In 1935 Stanton opened an office in the Hotel Del Monte in Monterey, establishing a practice that included school and hospital work in the Monterey area and across the San Joaquin Valley. He collaborated closely with sculptor Joseph Jacinto Mora (1876–1947) on multiple projects. In 1937, Stanton was the architect for the Monterey County Courthouse, which incorporated Mora's bas-relief panels, column caps, and figurative heads on both the building's exterior and its interior courtyard.

In addition to the Monterey County Court House and the King City High School Auditorium, Stanton designed schools in Monterey, the San Benito County Hospital, the Salinas General Hospital, and buildings at Fort Ord.

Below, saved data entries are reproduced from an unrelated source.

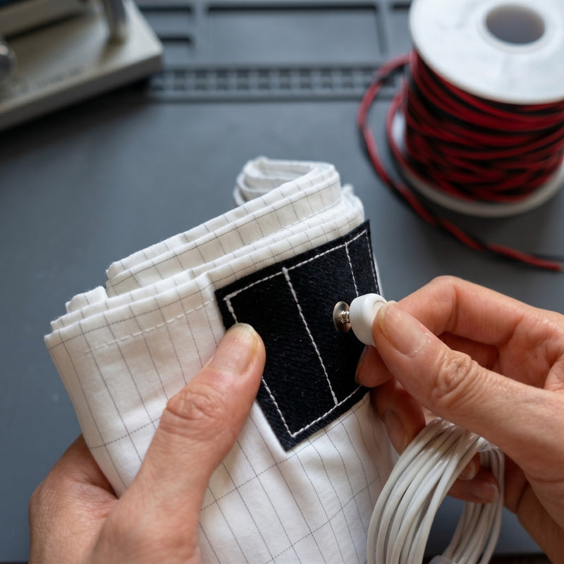 95% organic cotton finely woven with 5% pure conductive silver fiber — soft, breathable, anti-static, and dermatologically safe.
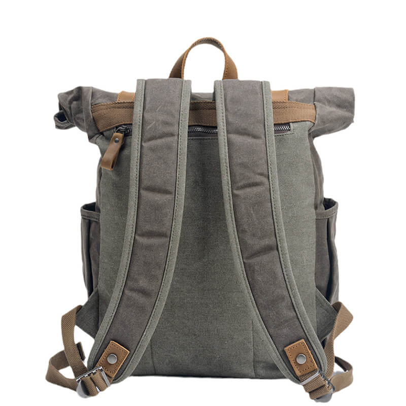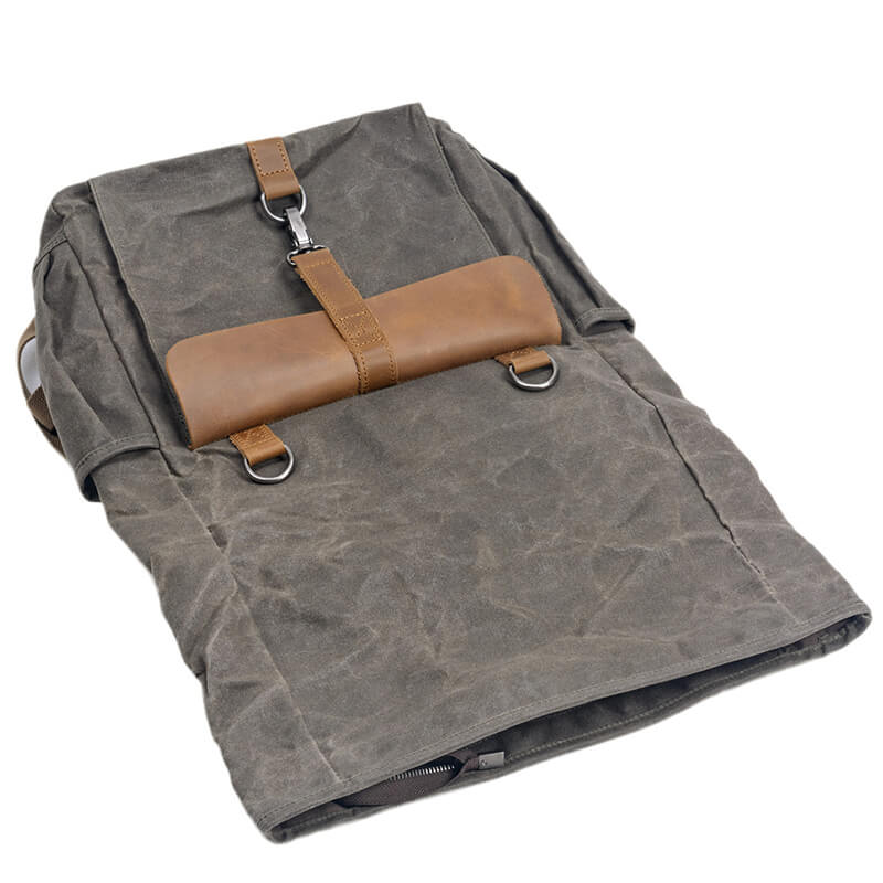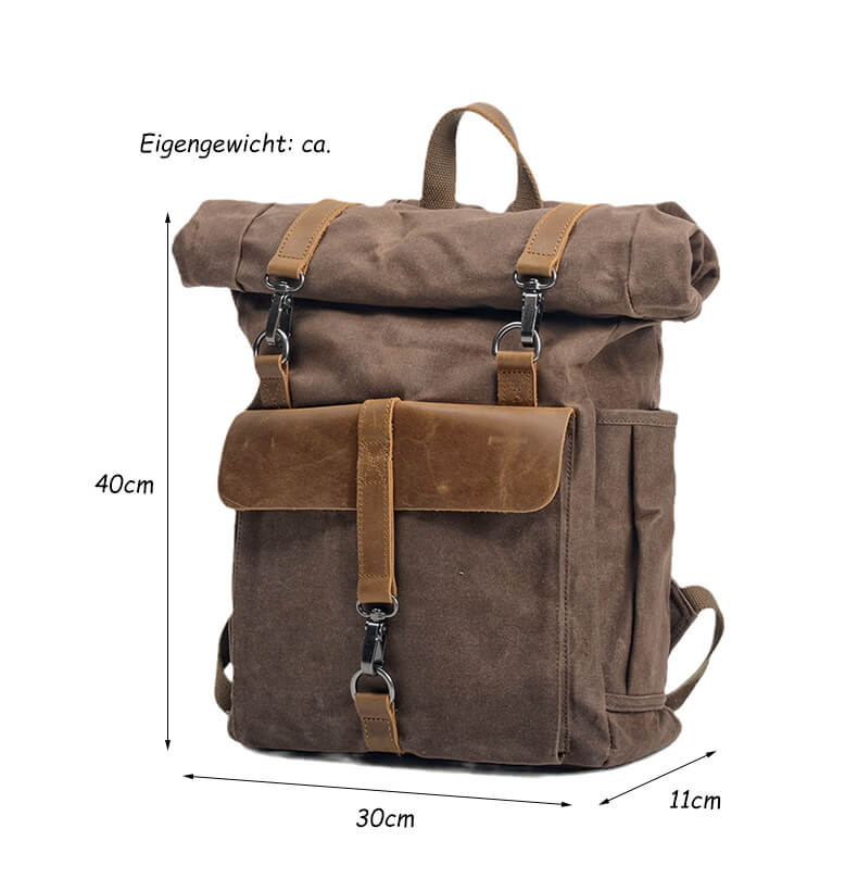 Hochwertiges Material: Der Rucksack besteht aus gewachstem Canvas, das strapazierfähig und langlebig ist, und wird mit braunem Crazy-Horse-Leder verziert, was das Gesamtbild verfeinert und die ästhetische Wirkung erhöht – ein wahres Statement für den einzigartigen Geschmack des Trägers.
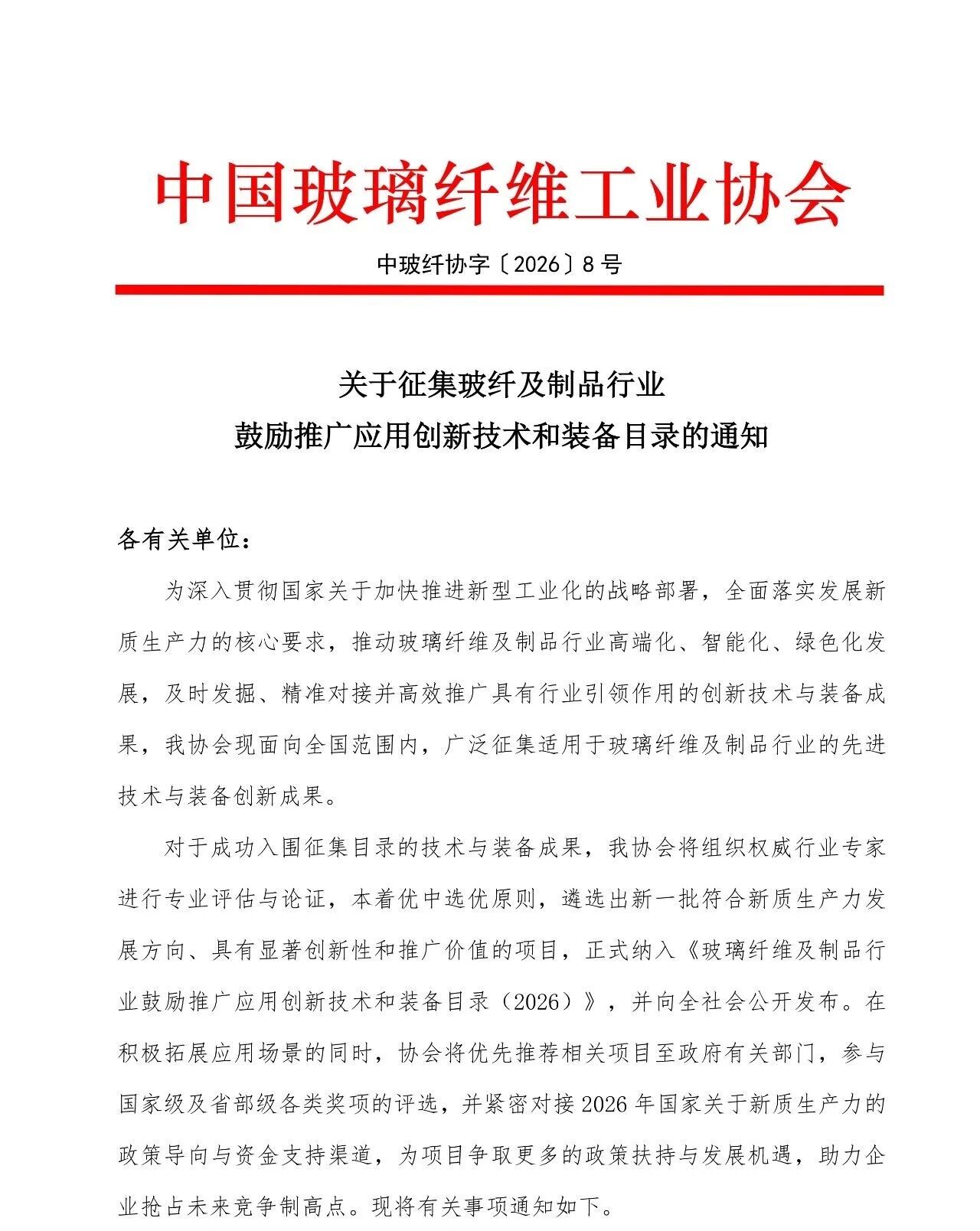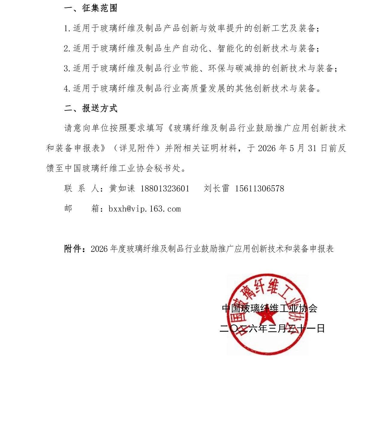 请意向单位按照要求填写《玻璃纤维及制品行业鼓励推广应用创新技术和装备申报表》(详见附件)并附相关证明材料,于2026年5月31日前反馈至中国玻璃纤维工业协会秘书处。

He supervised the construction of homes for Bob Hope, King C. Gillette, Fredric March, and King Vidor. One of the most notable work was the mansion "Pickfair' in Veverly Hills, for Douglas Fairbanks Sr. and Mary Pickford.

He was president of the Monterey County Symphony Association, the Monterey Museum of Art, Cumminty Chest, Monterey History and Art Association, the Old Monterey Bicentennial, and the Monterey Chapter of the American Institute of Architects.

Stanton met his wife Virginia Young (1903-1994) at University of California, Berkeley. They married on December 8, 1922 in Solano County, California. They had three children.

==Death==

Stanton died at his home in Carmel Valley on September 1, 1983, at the age of 83.